▶ **DATA BLOCK**
_ _ _
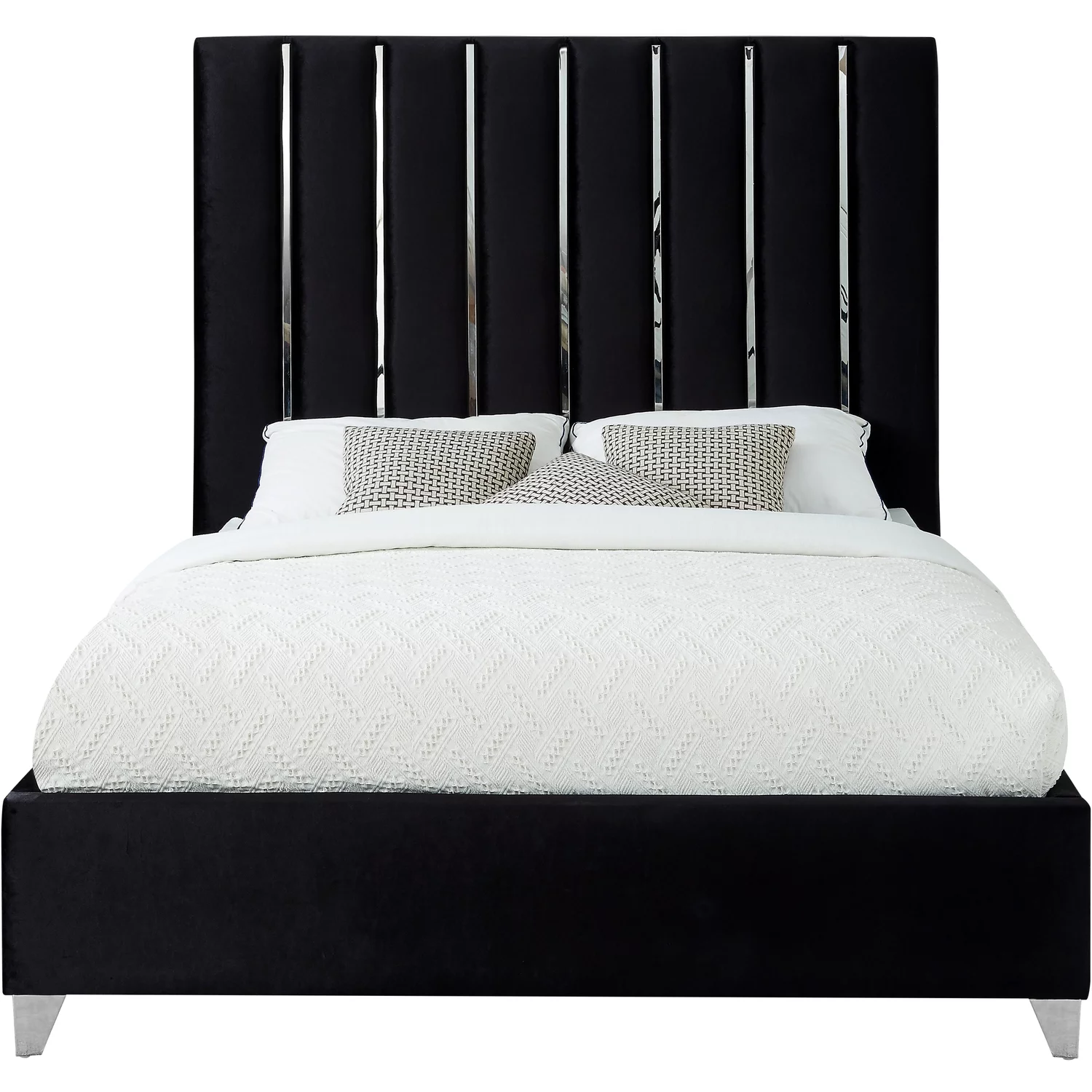 Maykoosh Art Nouveau Allure Velvet Upholstered Platform Bed with Sturdy Gold Steel Legs and Deep Channel Tufted Headboard
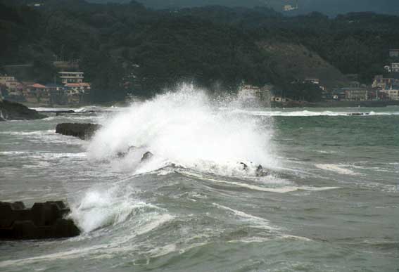 | 河津駅近くの海 荒れてます |
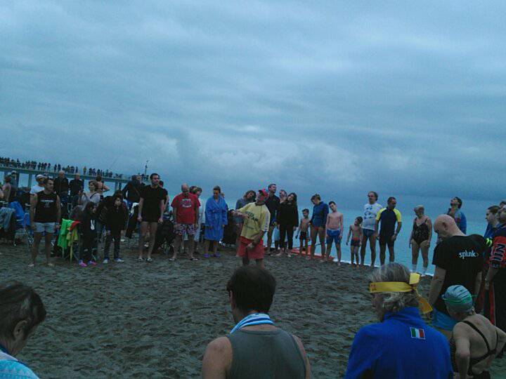 Come da tradizione, la 25* edizione si è tenuta ai Bagni Giardino. La temperatura dell'acqua oggi era di 14 gradi, cosi come l'aria esterna. I partecipanti sono stati 173. Alcuni dei quali hanno affrontato prima del tuffo la Camminata dei 3 colli di Pietra
_ _ _
Leaving out the images, repeat the listing above exactly.

▶ **TASK SOLUTION**
 Maykoosh Art Nouveau Allure Velvet Upholstered Platform Bed with Sturdy Gold Steel Legs and Deep Channel Tufted Headboard
 | 河津駅近くの海 荒れてます |
 Come da tradizione, la 25* edizione si è tenuta ai Bagni Giardino. La temperatura dell'acqua oggi era di 14 gradi, cosi come l'aria esterna. I partecipanti sono stati 173. Alcuni dei quali hanno affrontato prima del tuffo la Camminata dei 3 colli di Pietra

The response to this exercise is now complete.